Quick rules for Cache-Friendly Algorithms

Posted on Saturday, February 14, 2009 by Simon Cooke

Games programming on current architectures require that a certain amount of attention be paid to your algorithms to make sure that they’re cache friendly.

It takes a long time for a memory access to be brought back from a page that isn’t in the cache. And cache lines are getting longer and longer.

Interestingly, software engineers solved this problem a long time ago, with algorithms meant for databases with really really slow IO pipes, and disk sector sizes of anywhere from 128 to 1024 bytes.

Those sizes should be a big hint to any seasoned programmer; they’re similar to the size of cache lines in modern systems. Which means that we can take algorithms that were designed to work really well for those old systems and later discarded, dig them up, dust them off and use them to create really blazingly fast routines for handling in-memory data.

Everything that’s old is new again.

So without further ado, here’s a few recommendations:

Prefer M-ary trees to Binary or Red/Black trees.

M-ary trees store several keys per node. Binary trees only store one key per node. If you store as many keys per node as you can fit into a single cache line, you’ll benefit.

If data you need to search changes rarely, use Indexed Sequential Access

This is a bi-level lookup scheme. It’s related to M-ary trees.

If your data needs to be flexible and searchable, use B-Trees

B-trees are M-ary trees, but you don’t require that each node has M items.

If you really must use a hashtable, consider using Extendible Hashing

Extendible hashing combines the properties of B-Trees, Indexed Sequential access and Hashtables to help keep pages coherent.
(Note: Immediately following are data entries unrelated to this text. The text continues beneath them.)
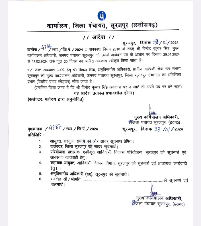 प्रदीप मिश्रा/सूरजपुर : सूरजपुर जिला पंचायत मुख्य कार्यपालन अधिकारी के द्वारा मनमानी तरीके से अधिकारियों को प्रभार दिया जा रहा है उनके द्वारा प्रभार देते समय शासन के नियमों एवं आदेशों का सरासर उल्लंघ सीन किया जा रहा है ताजा मामला सूरजपुर जिले के जनपद पंचायत सूरजपुर का है जहां पर वर्तमान सदस्य मुख्य कार्यपालन अधिकारी विनोद सिंह दिनांक 29.01.2024 से लेकर 17.02.2024 तक के लिए शासकीय अवकाश पर जा रहे हैं इस दरमियान शासन का आदेश है कि उनकी अनुपस्थिति या अवकाश पर जाने पर कार्यालय में पदस्थ वरिष्ठ विस्तार अधिकारी को ही पदभार दिया जाता चाहिए।
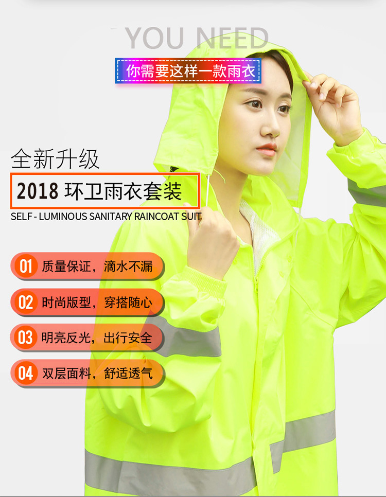 Orange two-piece suit with reflective strips raincoat road construction sanitation cleaners raincoat printing
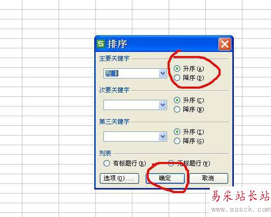6、然后在下個對話框中選擇升序還是降序排列,點擊確定。
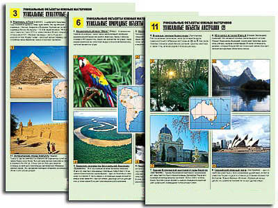 Уникальные природные объекты Африки (1). Уникальные природные объекты Африки (2). Уникальные культурные объекты Африки (1). Уникальные культурные объекты Африки (2). Уникальные культурные объекты Африки (3). Уникальные природные объекты Южной Америки (1). Уникальные природные объекты Южной Америки (2). Уникальные культурные объекты Южной Америки (1). Уникальные культурные объекты Южной Америки (2). Уникальные объекты Австралии (1). Уникальные объекты Австралии (2). Уникальные объекты Антарктиды.
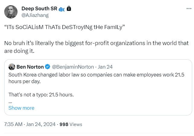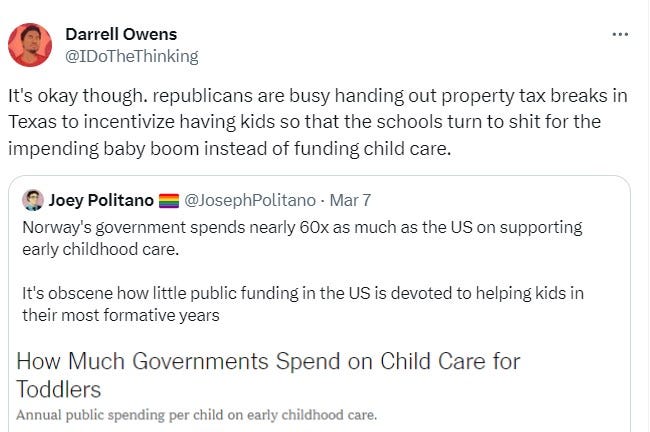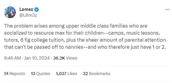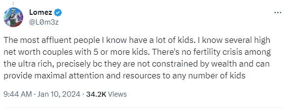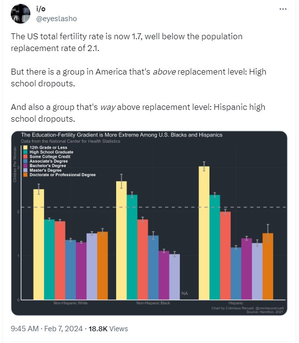 Finally, fertility crisis in the US is downstream from the failure of post-Cold War capitalism to offer a secure or dignified life for many, if not most, of its sub-elite. This is the underlying and irresolvable issue.
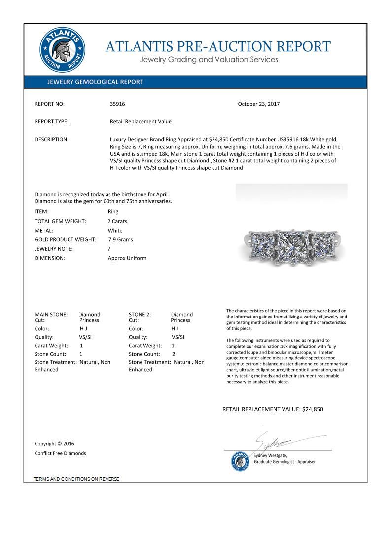35916 - REF-414W2H ---- 2.0 CTW Past Present Future VS/SI Princess Diamond Ring 18K White Gold ---- Luxury Designer Brand Ring Appraised at $24,850 Certificate Number US35916 18k White gold, Ring Size is 7, Ring measuring approx. Uniform, weighing in total approx. 7.6 grams. Made in the USA and is stamped 18k, Main stone 1 carat total weight containing 1 pieces of H-J color with VS/SI quality Princess shape cut Diamond , Stone #2 1 carat total weight containing 2 pieces of H-I color with VS/SI quality Princess shape cut Diamond
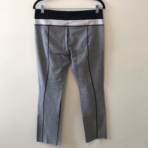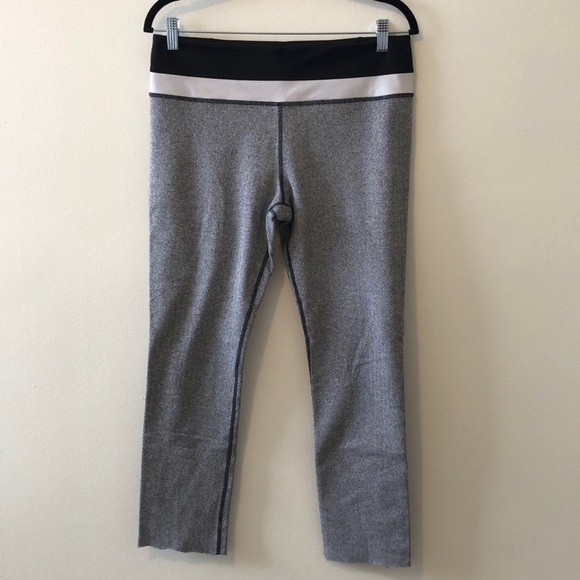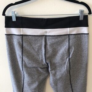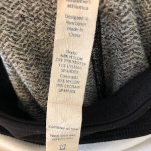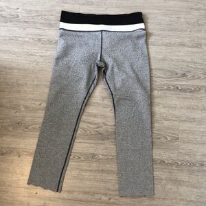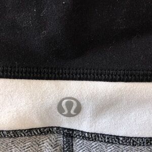 Lululemon leggings. Have been cut off at the bottom. In good condition otherwise, mild pilling throughout, material is textured so not noticeable. Cool pattern.
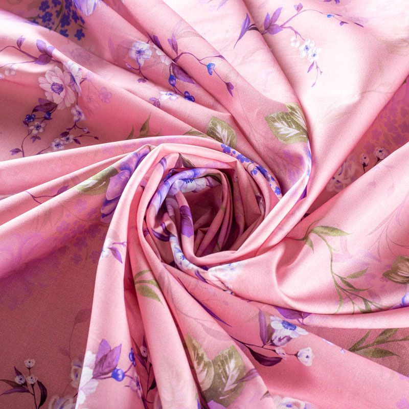 Плательно-рубашечный хлопок розовато-лилового оттенка с элегантным цветочным принтом. Ткань очень лёгкая, воздушная, тонкая, похожа на батист, немного прозрачная, поверхность матовая, гладкая, приятная к телу, хорошо драпируется. Прекрасно подойдет блузы, платья-рубашки, летнего сарафана, туники.

If you need to do lots of data filtering, and then perform the same operation on each object, use a Gather/Scatter approach

Filter your dataset using a given set of criteria
Generate a sequential list of matching objects in scratch space.
Prime the cache as you start processing the list, and keep pumping it every few objects.
Generate a sequential list of results if further processing is necessary, or Scatter the results back out to the objects (priming the N+Wth object as you go; you’ll need to tune W based on the size of your cache).

Consider Batch Sorting Operations instead of Quicksort

Don’t use Quicksort. If you have a large dataset, you’ll quickly run into cache issues as it bounces all over the place. Use Merge Sort instead (look it up in Knuth if you don’t remember that one) – which also has the nice property that you can run it in parallel on multiple cores.

Shadow Your Most Accessed Data Inside Your Keys When Necessary

Store data you need for your most common comparisons alongside the pointers to the objects – make them part of your key. You can ignore that part of the key if you’re searching the database for anything else, and your most common operation will be optimized because you won’t have to hit a random chunk of memory to pull out the value for comparison. (Good candidates for this might include an NPC’s location and bounding-sphere radius, which could be stored alongside the pointer to the NPC itself).

Defrag / Sort your Data On the Fly

As you operate on data, if you keep a secondary buffer around, you can generate a new data set. At the end of the operation, you just swap the pointer to the first dataset for your new one. This massively reduces cache thrashing, and if you plan it right and your data is temporally coherent, if you perform a sort of the data each frame, you’ll keep most of it sorted naturally for minimal cost – it just kind of drops out in the mix. You can always perform this check as you go along, and only re-sort if necessary. (If you’re clever, you can even figure out if you just need to resort the current cache-line, or if you need to be more exhaustive).

Another advantage here is that your secondary buffer? You don’t need to synchronize on it. Your first buffer? You don’t need to synchronize on that either, so you can get MASSIVELY parallel. You’re performing something akin to finite element analysis on your dataset. The only time you need to worry is when one calculation affects the output of the other – but if you make a list of those, you can special-case them.

If you’re dealing with small chunks of data, go Linear

With small amounts of data, the cost of accessing main memory to pull it into the cache massively dwarfs the cost of performing calculations on the data.

So don’t be afraid to use bubble-sorts, or linear searches on data that’s tiny and doesn’t use indirection. Of course, use this in moderation, and test first.